Drennan v. Mountain Trust Co.

435 A.2d 959 | Vt. | 1981

435 A.2d 959 (1981)

Paul DRENNAN and James Missroon
v.
MOUNTAIN TRUST COMPANY.

No. 303-80.

Supreme Court of Vermont.

September 1, 1981.

*960 Valsangiacomo & Detora, P. C., Barre, for plaintiffs.

Davison & Wright, P. C., Stowe, for appellant.

Before BARNEY, C. J., and LARROW, BILLINGS, HILL and UNDERWOOD, JJ.

BARNEY, Chief Justice.

In a discovery proceeding under V.R.C.P. 26, the plaintiffs below are seeking to examine a file which is in the custody of a lawyer who was their attorney in a real estate transaction. The lawyer is not a party to the law suit, but withheld the file claiming an attorney's lien based on an unpaid professional bill.

The trial court, confronted with this situation, issued an order requiring the attorney to allow the plaintiff to examine, inspect, and copy the documents retained by him under his asserted lien. The attorney appeals, claiming that to allow the order to be carried out would effectively deprive his possession of the file of any effective significance as a lien, and dissipate his security for his unpaid fee. Davis v. Davis, 90 F. 791 (C.C.D.Mass.1898); Restatement of Security § 62, comment i (1941).

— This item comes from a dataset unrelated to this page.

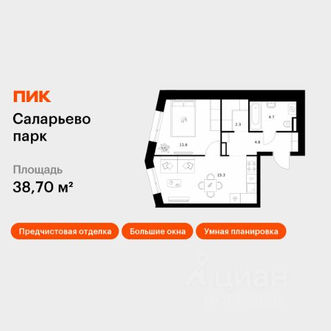 Продаётся 1-комн. квартира площадью 45,1 кв.м на 3 этаже 23 этажного дома (Корпус 69.1, Секция 1) проекта ПИК Саларьево парк. Светлый просторный подъезд на уровне земли, функциональная планировка, большие окна, предчистовая отделка. Жилой район "Саларьево парк" расположен в Новой Москве, в четырёх километрах от МКАД по Киевскому шоссе. Две станции метро: "Саларьево" и "Филатов луг", — находятся в пешей доступности от проекта. Дойти до них можно за 510 минут. В квартале уже создана качественная среда, где есть абсолютно всё для полноценной жизни, работы и отдыха. Благодаря удобному расположению проекта всё важное будет рядом: детские сады, школы, кафе и рестораны, шопинг в торговых центрах, фитнес и даже аэропорт. Все корпуса в квартале гармонично сочетаются, образуя единую городскую среду. Между собой их объединяет невысокая этажность и натуральная цветовая гамма. Здесь приятно гулять и проводить время на улице всей семьёй. В "Саларьево парке" создана уникальная образовательная среда, включающая в себя шесть школ, рассчитанных на 6 250 учеников. Две из них уже открыты, их посещает 2 300 детей. Также на территории "Саларьево парка" находится 12 детских садов, один из которых с бассейном. Сейчас уже открыты 7 садов. В "Саларьево парке" открыта уникальная игровая площадка — PlayHub "Оригами". Здесь есть ручей, горка-труба и рельефные холмы. Взрослые смогут отдохнуть в уютном кафе, пока дети играют. Также на территории проекта есть SportHub — большая спортивная зона, разделённая по интересам и возрастам. Здесь можно заниматься разными видами спорта: футболом, баскетболом, волейболом и стритболом. Зимой центральную часть площадки превращают в каток. Во дворах-парках жилого квартала есть места для отдыха, детские и спортивные площадки. На первых этажах домов расположены магазины, кафе и полезные сервисы. Также вблизи проекта есть несколько масштабных торговых центров. До ТЦ "Саларис" пять минут пешком, до "Рио", Metro Cash & Carry и "Леруа Мерлен" — пять минут на автомобиле. Артикул 1023194 (Застройщик ООО "Специализированный Застройщик "Тирон")

Plaintiffs below allege in their brief that no evidence was offered to the lower court from which it could conclude either that appellant has performed services for them, or that he has not been paid for those services. The superior court made no finding on the issue, and the appellant has not supplied this Court with an adequate record of the proceedings below. It is impossible for this Court to determine from what it has whether the lower court's order is supportable.

This court has stated that:

[T]he appealing party has the responsibility of producing a true record, capable of demonstrating that harmful error was committed at the trial in the manner claimed. On timely application, a record may be corrected. But once submitted, its verity is absolute. The risk of deficiency or mistake is with the appellant. Omissions are out of the reach of appellate review.

Banker v. Dodge, 126 Vt. 534, 537, 237 A.2d 121, 124 (1967).

The only record of the proceedings below available to this Court consists of the motion to compel by plaintiffs, the motion for protective order by appellant, and the order filed by the lower court. This is not sufficient to demonstrate error, and the order must be sustained.

The order of the lower court is sustained.